▶ DATASET

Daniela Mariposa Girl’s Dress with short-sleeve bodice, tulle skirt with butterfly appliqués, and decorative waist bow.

* * *

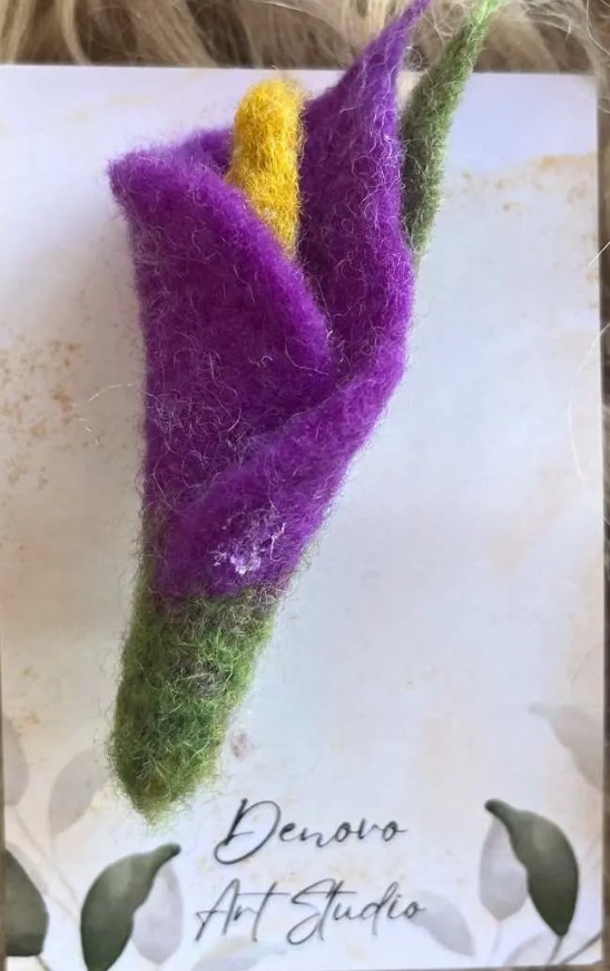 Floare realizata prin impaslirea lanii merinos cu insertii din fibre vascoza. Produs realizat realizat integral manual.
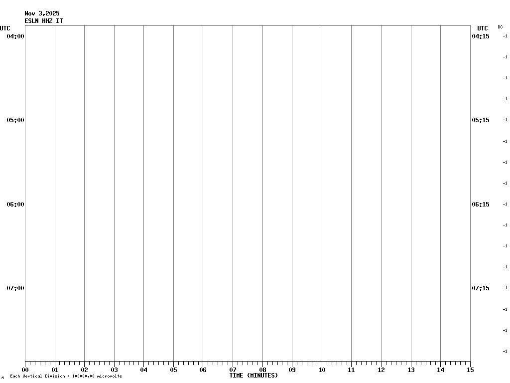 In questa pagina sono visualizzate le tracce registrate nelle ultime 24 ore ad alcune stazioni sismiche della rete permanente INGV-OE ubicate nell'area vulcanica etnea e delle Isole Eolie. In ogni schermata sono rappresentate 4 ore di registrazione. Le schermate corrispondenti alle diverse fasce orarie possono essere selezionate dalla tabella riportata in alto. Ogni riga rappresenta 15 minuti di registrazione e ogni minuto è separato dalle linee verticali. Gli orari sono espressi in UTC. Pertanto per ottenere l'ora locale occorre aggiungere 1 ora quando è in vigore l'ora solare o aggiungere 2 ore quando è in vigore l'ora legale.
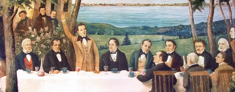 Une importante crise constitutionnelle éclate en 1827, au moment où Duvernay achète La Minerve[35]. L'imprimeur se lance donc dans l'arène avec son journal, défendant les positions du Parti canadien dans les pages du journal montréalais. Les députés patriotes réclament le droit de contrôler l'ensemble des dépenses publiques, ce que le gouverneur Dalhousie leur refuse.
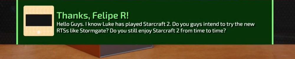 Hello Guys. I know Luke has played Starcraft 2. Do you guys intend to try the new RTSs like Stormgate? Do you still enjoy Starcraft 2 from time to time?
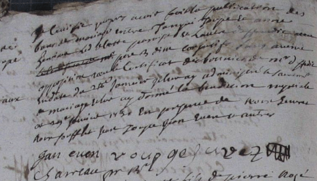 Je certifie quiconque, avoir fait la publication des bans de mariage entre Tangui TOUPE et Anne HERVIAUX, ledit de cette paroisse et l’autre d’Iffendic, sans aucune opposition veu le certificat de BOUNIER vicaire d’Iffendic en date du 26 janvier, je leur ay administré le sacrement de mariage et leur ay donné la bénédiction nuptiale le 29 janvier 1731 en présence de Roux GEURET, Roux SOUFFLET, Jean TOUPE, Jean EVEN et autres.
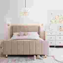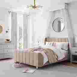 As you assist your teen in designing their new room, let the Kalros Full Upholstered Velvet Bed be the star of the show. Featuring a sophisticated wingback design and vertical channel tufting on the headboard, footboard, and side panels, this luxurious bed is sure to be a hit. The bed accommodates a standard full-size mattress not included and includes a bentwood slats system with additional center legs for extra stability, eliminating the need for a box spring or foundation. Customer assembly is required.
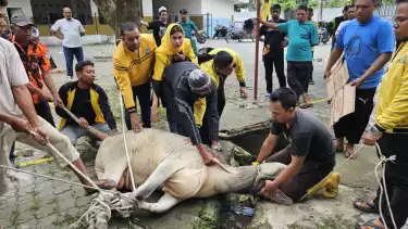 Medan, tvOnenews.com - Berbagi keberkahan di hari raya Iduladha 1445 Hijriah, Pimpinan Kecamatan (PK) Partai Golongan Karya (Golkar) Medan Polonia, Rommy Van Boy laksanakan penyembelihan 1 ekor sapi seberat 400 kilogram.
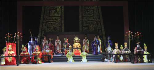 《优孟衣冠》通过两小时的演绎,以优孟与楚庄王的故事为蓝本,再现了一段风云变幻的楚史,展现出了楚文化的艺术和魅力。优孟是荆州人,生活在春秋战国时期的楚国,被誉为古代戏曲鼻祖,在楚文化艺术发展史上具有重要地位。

▶ INSTRUCTIONS FOR THE TASK
The stretch to restate runs from the line above containing "Une importante crise" through the line containing "Je certifie quiconque, avoir". Copy it word for word, ends included, without pictures.

▶ SOLUTION FOR THIS EXERCISE
 Une importante crise constitutionnelle éclate en 1827, au moment où Duvernay achète La Minerve[35]. L'imprimeur se lance donc dans l'arène avec son journal, défendant les positions du Parti canadien dans les pages du journal montréalais. Les députés patriotes réclament le droit de contrôler l'ensemble des dépenses publiques, ce que le gouverneur Dalhousie leur refuse.
 Hello Guys. I know Luke has played Starcraft 2. Do you guys intend to try the new RTSs like Stormgate? Do you still enjoy Starcraft 2 from time to time?
 Je certifie quiconque, avoir fait la publication des bans de mariage entre Tangui TOUPE et Anne HERVIAUX, ledit de cette paroisse et l’autre d’Iffendic, sans aucune opposition veu le certificat de BOUNIER vicaire d’Iffendic en date du 26 janvier, je leur ay administré le sacrement de mariage et leur ay donné la bénédiction nuptiale le 29 janvier 1731 en présence de Roux GEURET, Roux SOUFFLET, Jean TOUPE, Jean EVEN et autres.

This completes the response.